Bruns Avenue is a streetcar station in Charlotte, North Carolina. The at-grade island platform on West Trade Street is a stop along the CityLynx Gold Line, serving the Seversville and Western Heights neighborhoods.

== Location ==
Bruns Avenue station is located on West Trade Street, between South Bruns Avenue and North Bruns Avenue, and is flanked by the Mosaic Village and Jerusalem House of God. The Seversville and Western Heights neighborhoods, part of West End, were established in the late 1800s; with Seversville developing as a ring village that was economically focused with nearby Savona Mill, and Western Heights developed by W. L. Alexander as a purpose built residential suburb.
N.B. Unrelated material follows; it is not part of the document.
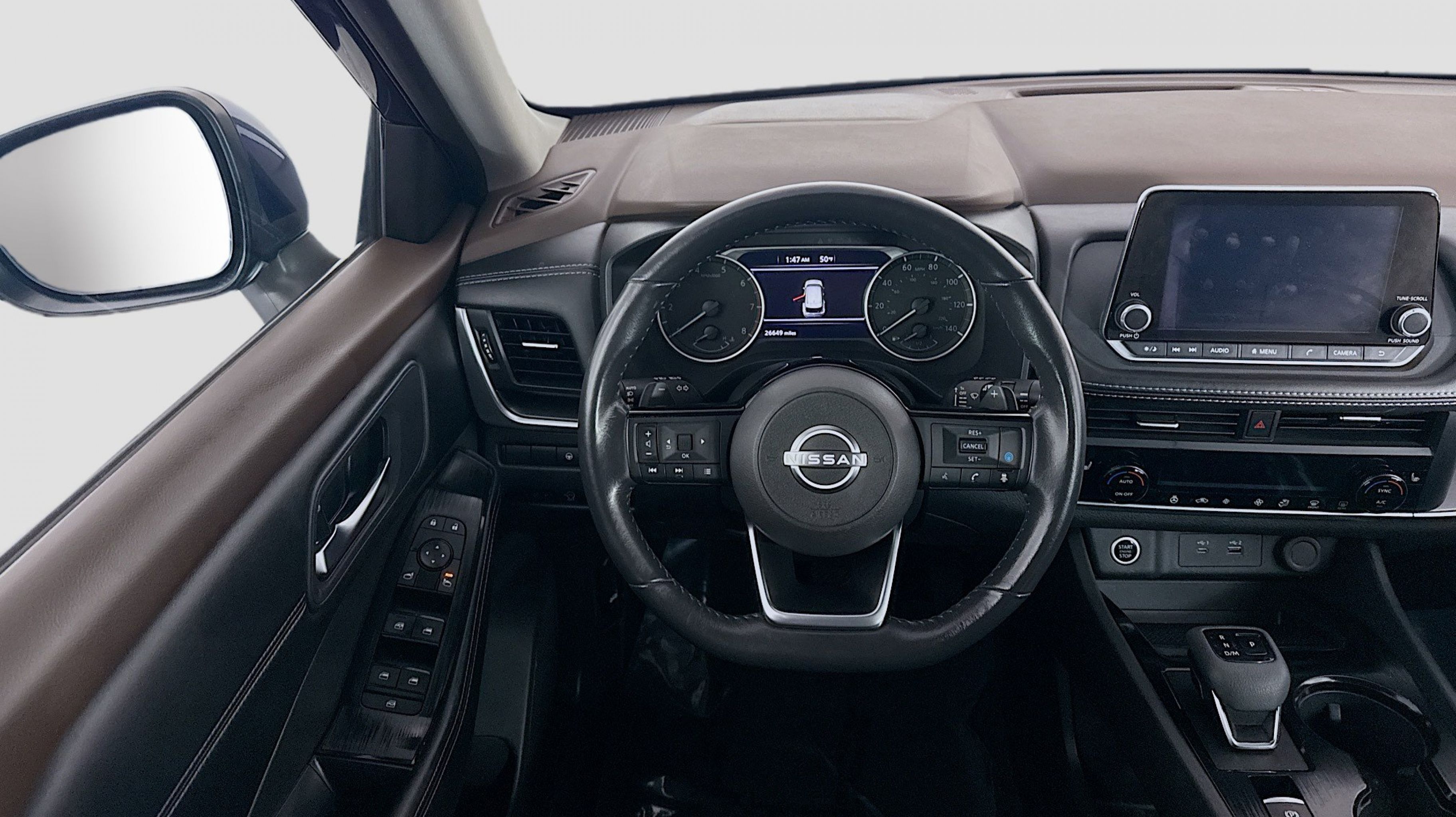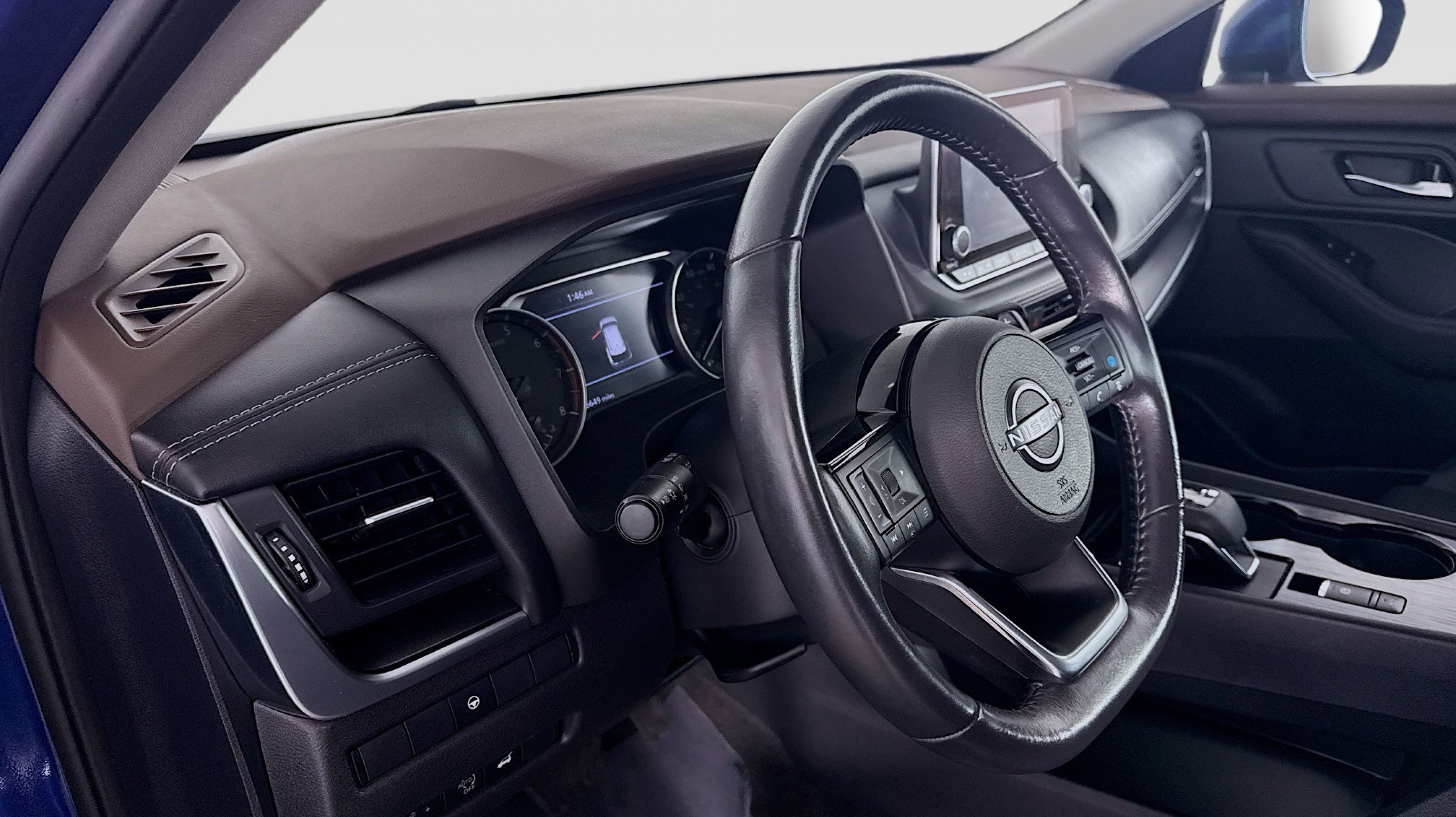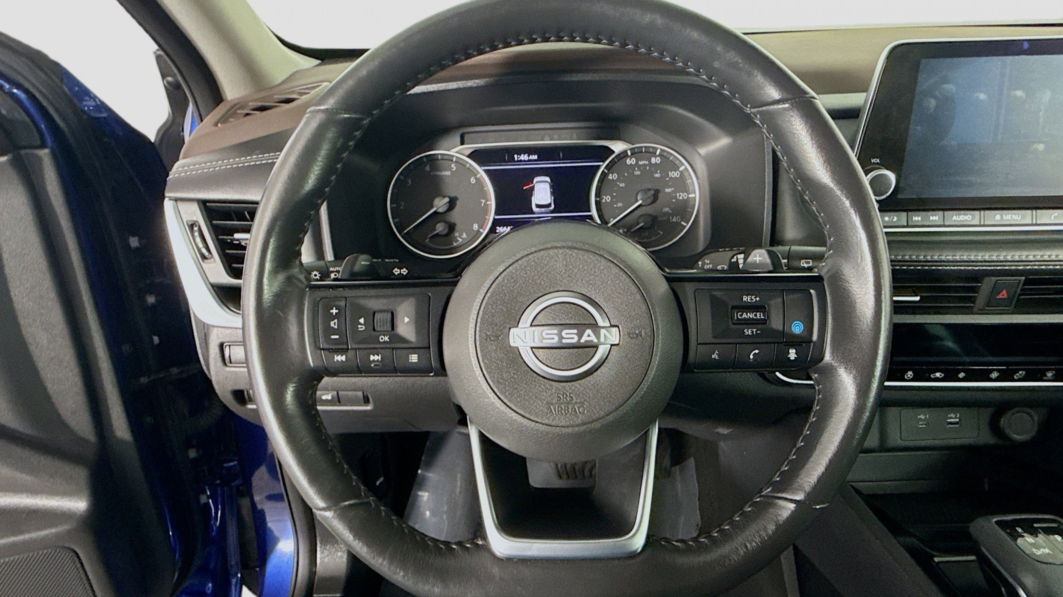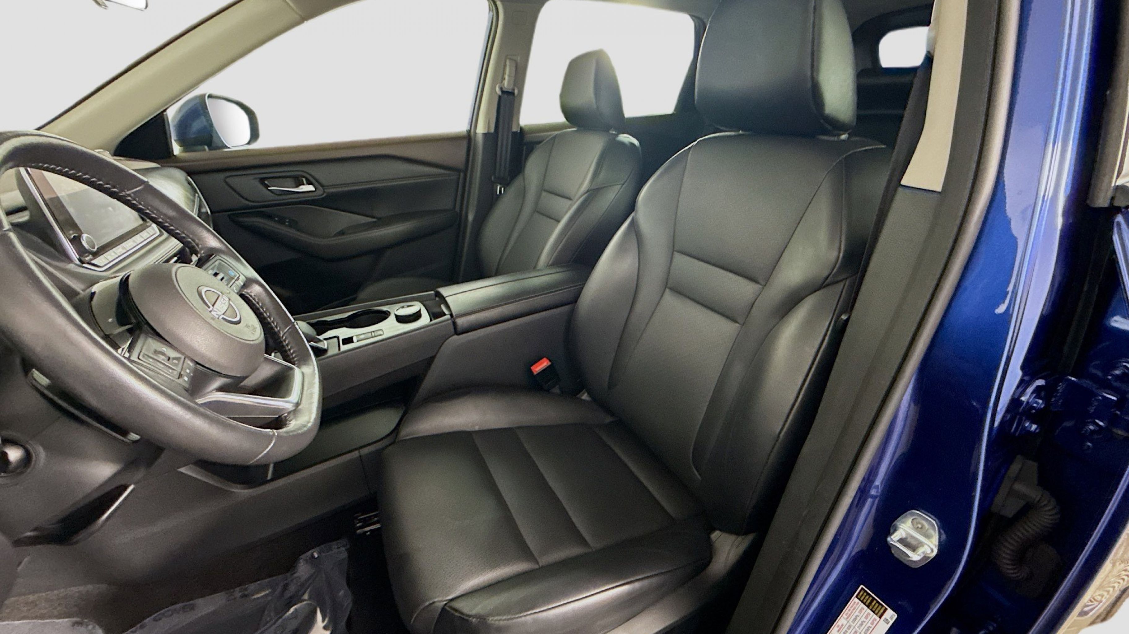 Caspian Blue Metallic 2023 Nissan Rogue SV AWD CVT with Xtronic 1.5L I3 Turbocharged DOHC 12V LEV3-ULEV50 201hp AWD, 18 Aluminum Alloy Wheels, 4-Wheel Disc Brakes, 5.604 Axle Ratio, 6 Speakers, ABS brakes, Air Conditioning, Alloy wheels, AM/FM Radio, AM/FM radio: SiriusXM, Auto High-beam Headlights, Automatic temperature control, Brake assist, Bumpers: body-color, Cloth Seat Trim, Delay-off headlights, Driver door bin, Driver vanity mirror, Dual front impact airbags, Dual front side impact airbags, Electronic Stability Control, Emergency communication system: NissanConnect Services, First Aid Kit, Floor Mats w/1-Piece Cargo Area Protector, Four wheel independent suspension, Front anti-roll bar, Front Bucket Seats, Front Center Armrest, Front dual zone A/C, Front reading lights, Fully automatic headlights, Heated door mirrors, Illuminated entry, Knee airbag, Low tire pressure warning, NissanConnect featuring Apple CarPlay and Android Auto, Occupant sensing airbag, Outside temperature display, Overhead airbag, Overhead console, Panic alarm, Passenger door bin, Passenger vanity mirror, Power door mirrors, Power driver seat, Power steering, Power windows, Radio data system, Rear anti-roll bar, Rear Parking Sensors, Rear seat center armrest, Rear side impact airbag, Rear window defroster, Rear window wiper, Remote keyless entry, Speed control, Speed-Sensitive Wipers, Split folding rear seat, Spoiler, Steering wheel mounted audio controls, Tachometer, Telescoping steering wheel, Tilt steering wheel, Traction control, Trip computer, Variably intermittent wipers, AWD.

Off West Trade Street, the area is a mix of single-family homes and multifamily residential buildings.

== History ==
Bruns Avenue station was approved as a Gold Line Phase 2 stop in 2013, with construction beginning in Fall 2016. Though it was slated to open in early-2020, various delays pushed out the opening till mid-2021. The station opened to the public on August 30, 2021.

== Station layout ==
The station consists of an island platform with two passenger shelters; a crosswalk and ramp provide platform access from West Trade Street. The station's passenger shelters house two art installations by George Bates. The windscreens are titled: The Worth of That, is That Which It Contains and That is This, and This With Thee Remains. The title comes from a 1954 JCSU yearbook excerpt referencing Shakespeare's sonnet 74. The micro and macro figures and images share the specific and general history of the area.